Lindorm provides the wide table engine (LindormTable) that can automatically separate hot data and cold data based on your requirements. LindormTable archives cold data in cold storage and store hot data in hot storage based on the specified boundary.

Background information

In big data scenarios, business data such as order data and monitoring data grows over time and requires a large storage space. At the same time, large amounts of historical data is archived and rarely used. Enterprises require a cost-effective storage method to store this type of data to reduce costs. To help enterprises reduce storage costs for cold data and separate hot data and cold data in a simple manner, LindormTable provides the hot data and cold data separation feature. This way, hot data and cold data can be stored in different storage media. The unit price of cold storage is only 20% of the unit price of standard storage that is used to store hot data.

LindormTable can automatically separate hot data and cold data in the same wide table based on the boundary that you specify, and archive cold data in cold storage. You can write data to or query data from a wide table that separately stores hot data and cold data in a manner that is almost the same as the manner in which you write data to or query data from a standard table. When you query data from a table that separately stores hot data and cold data, you can specify a hint or a time range. Lindorm determines whether to scan hot data or cold data based on the hint or time range that you specify. This is an automated process that is transparent to you.

How it works

LindormTable determines whether the data that is queried is cold data based on the timestamp when the data is written to the table and the hot data and cold data boundary that you specify.

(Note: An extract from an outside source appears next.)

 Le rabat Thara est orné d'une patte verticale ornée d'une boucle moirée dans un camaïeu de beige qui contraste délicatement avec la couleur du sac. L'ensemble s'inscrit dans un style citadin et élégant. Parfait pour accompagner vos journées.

LindormTable stores new data in hot storage and then transfers the data to cold storage after the age of the data exceeds the hot data and cold data boundary. You can change the hot data and cold data boundary based on your business requirements. Data can be transferred from cold storage to hot storage or from hot storage to cold storage.

Prerequisites

Specify a hot data and cold data boundary for a table

You can change the value of the COLD_BOUNDARY parameter to change the boundary for hot data and cold data separation. The unit of the value of the COLD_BOUNDARY parameter is seconds. For example, if the value of the COLD_BOUNDARY parameter is 86400, data is archived to cold storage after the data is stored in hot storage for 86,400 seconds, which is equal to one day.

Note You do not need to set the storagetype property of the table or column family to COLD for hot data and cold data separation. If the storagetype property of the table or column family is set to COLD, remove the property. For more information, see Introduction to the cold storage feature.

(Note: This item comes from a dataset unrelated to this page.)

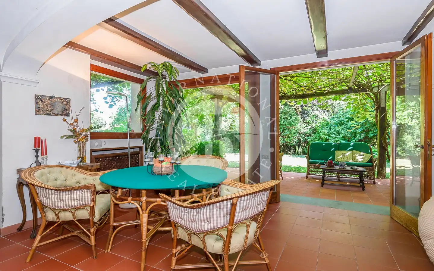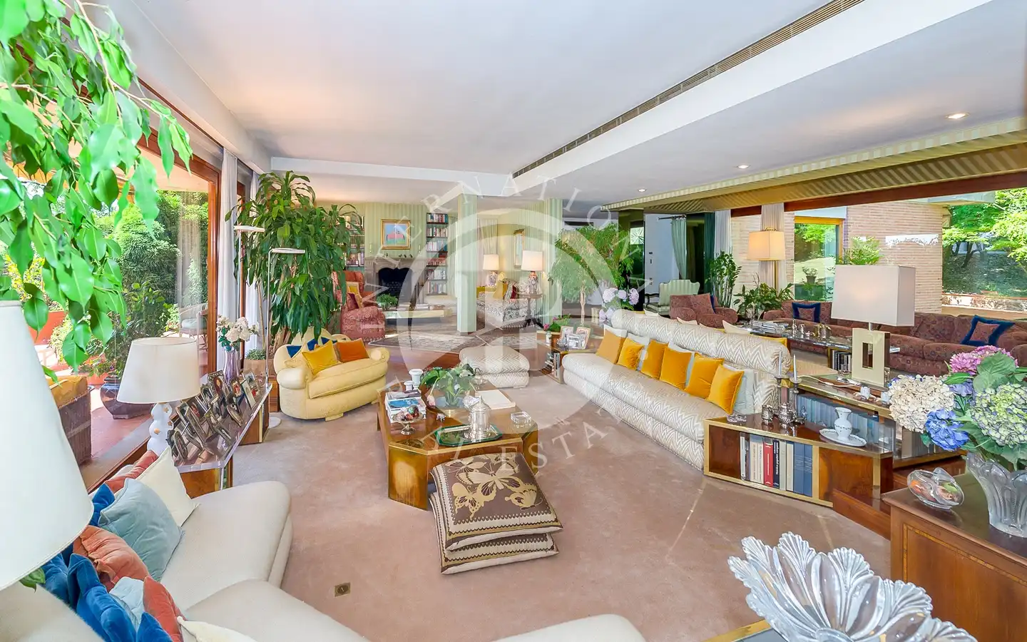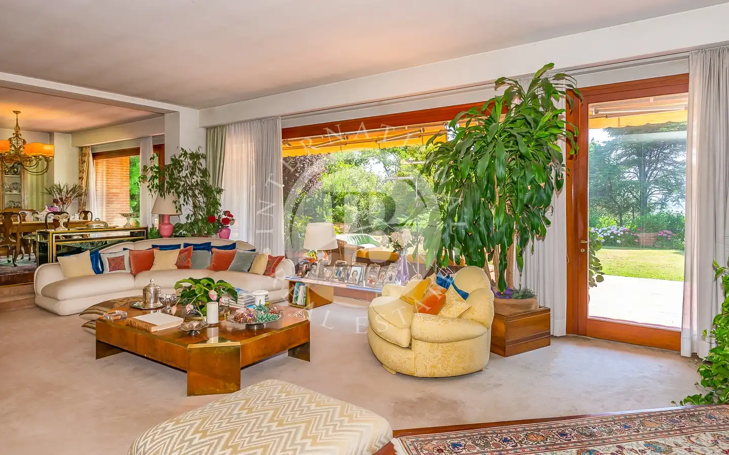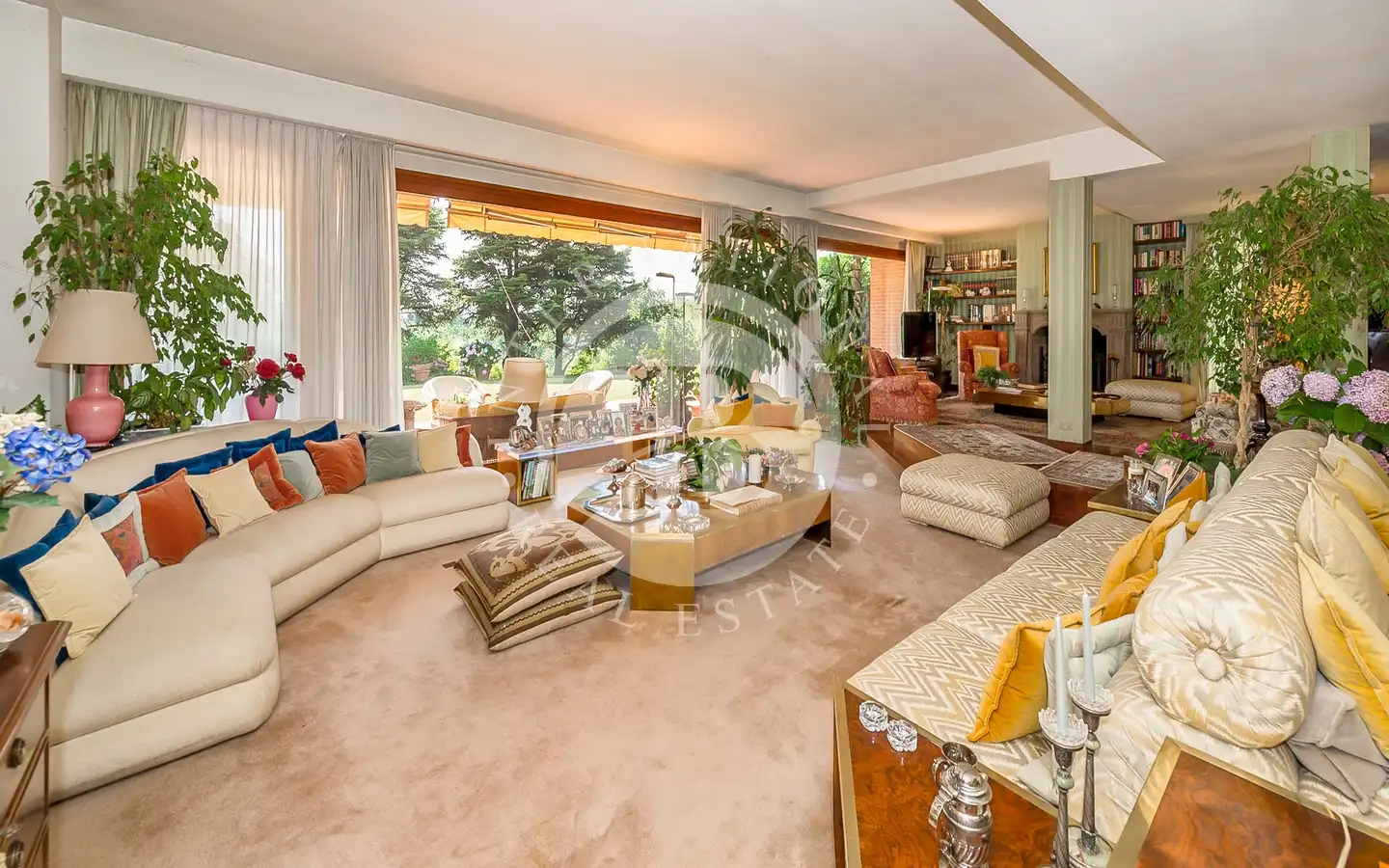 Uterommet er en oase av fred og skjønnhet: En 6000 kvadratmeter stor middelhavspark omgir villaen, som er helt inngjerdet for å garantere maksimal privatliv og sikkerhet. Store vinduer vender ut mot det grønne, noe som skaper en konstant dialog mellom inne og ute. Hagen, med store drivhus, kan forvandles til et treningsstudio, spa eller ekstra serviceområder. Den store garasjen for to biler og den overbygde parkeringsplassen har plass til opptil seks biler, noe som fullfører eiendommens ekstraordinære funksjonalitet.

The following list describes the methods that can be used to configure hot data and cold data separation:

  • Method 1: Use Apache HBase Shell
    // Create a table that separately stores hot data and cold data.
    HBase(main):002:0> create 'chsTable', {NAME=>'f', COLD_BOUNDARY=>'86400'}
    // Disable the hot data and cold data separation feature.
    HBase(main):004:0> alter 'chsTable', {NAME=>'f', COLD_BOUNDARY=>""}
    // Enable the hot data and cold data separation feature or change the hot data and cold data boundary for an existing table. The unit of the value of the hot data and cold data separation boundary is seconds.
    HBase(main):005:0> alter 'chsTable', {NAME=>'f', COLD_BOUNDARY=>'86400'}
  • Method 2: Use ApsaraDB for HBase API for Java
    // Create a table that separately stores hot data and cold data.
    Admin admin = connection.getAdmin();
    TableName tableName = TableName.valueOf("chsTable");
    HTableDescriptor descriptor = new HTableDescriptor(tableName);
    HColumnDescriptor cf = new HColumnDescriptor("f");
    // The COLD_BOUNDARY parameter specifies the boundary for hot data and cold data separation. Unit: seconds. In this example, data is archived to cold storage after the data is stored for one day.
    cf.setValue(AliHBaseConstants.COLD_BOUNDARY, "86400");
    descriptor.addFamily(cf);
    admin.createTable(descriptor);
    
    // Disable the hot data and cold data separation feature.
    // You must perform a major compaction operation before you move data from cold storage to hot storage.
    HTableDescriptor descriptor = admin
        .getTableDescriptor(tableName);
    HColumnDescriptor cf = descriptor.getFamily("f".getBytes());
    // Disable the hot data and cold data separation feature.
    cf.setValue(AliHBaseConstants.COLD_BOUNDARY, null);
    admin.modifyTable(tableName, descriptor);
    
    // Enable the hot data and cold data separation feature or change the hot data and cold data boundary for an existing table.
    HTableDescriptor descriptor = admin
        .getTableDescriptor(tableName);
    HColumnDescriptor cf = descriptor.getFamily("f".getBytes());
    // The COLD_BOUNDARY parameter specifies the boundary for hot data and cold data separation. Unit: seconds. In this example, data is archived to cold storage after the data is stored for one day.
    cf.setValue(AliHBaseConstants.COLD_BOUNDARY, "86400");
    admin.modifyTable(tableName, descriptor);
  • Method 3: Use the Lindorm CQL shell

    You can use the Lindorm CQL shell to specify a hot data and cold data separation policy for a wide table in LindormTable.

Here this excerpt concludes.